*Dataset entries*:
===============

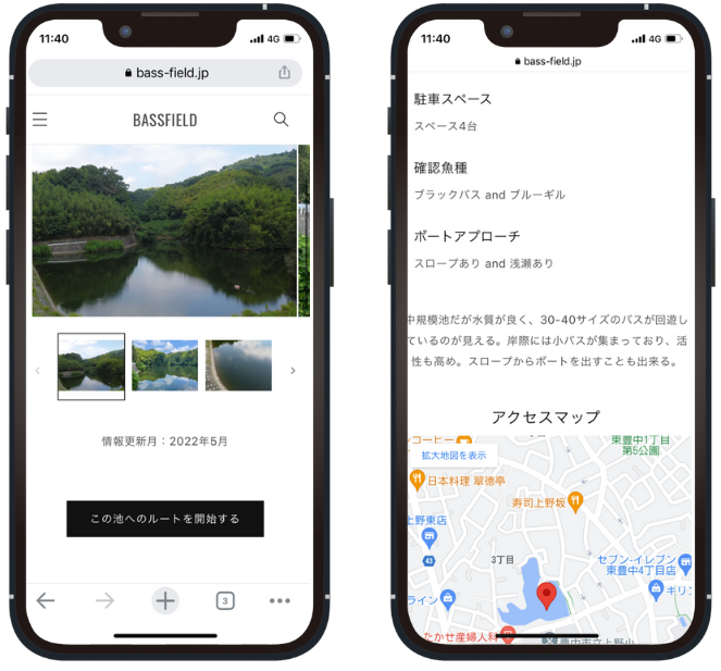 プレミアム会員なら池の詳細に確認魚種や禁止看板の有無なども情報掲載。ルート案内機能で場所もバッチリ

===============

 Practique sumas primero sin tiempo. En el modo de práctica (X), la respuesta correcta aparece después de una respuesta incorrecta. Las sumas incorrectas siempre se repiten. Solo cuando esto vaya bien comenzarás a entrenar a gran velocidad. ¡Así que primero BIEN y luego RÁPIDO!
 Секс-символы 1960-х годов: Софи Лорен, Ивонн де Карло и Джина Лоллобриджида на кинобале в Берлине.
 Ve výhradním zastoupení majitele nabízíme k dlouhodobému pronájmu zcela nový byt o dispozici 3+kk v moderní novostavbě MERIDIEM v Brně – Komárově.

===============

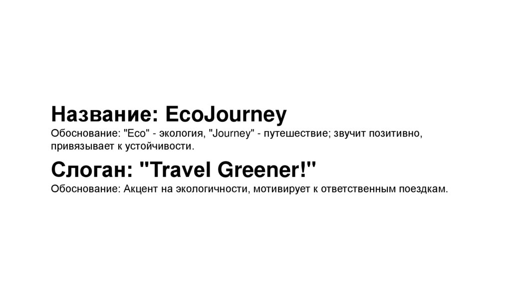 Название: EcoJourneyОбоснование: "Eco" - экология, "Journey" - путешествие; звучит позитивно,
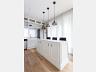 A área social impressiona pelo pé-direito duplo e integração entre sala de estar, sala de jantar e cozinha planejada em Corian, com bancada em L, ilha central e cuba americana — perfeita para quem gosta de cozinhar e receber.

===============

Lines to set down from above: the line with "Секс-символы 1960-х годов: Софи", the line with "Ve výhradním zastoupení", and every line between, each exactly as written.

*Output for this task*:
 Секс-символы 1960-х годов: Софи Лорен, Ивонн де Карло и Джина Лоллобриджида на кинобале в Берлине.
 Ve výhradním zastoupení majitele nabízíme k dlouhodobému pronájmu zcela nový byt o dispozici 3+kk v moderní novostavbě MERIDIEM v Brně – Komárově.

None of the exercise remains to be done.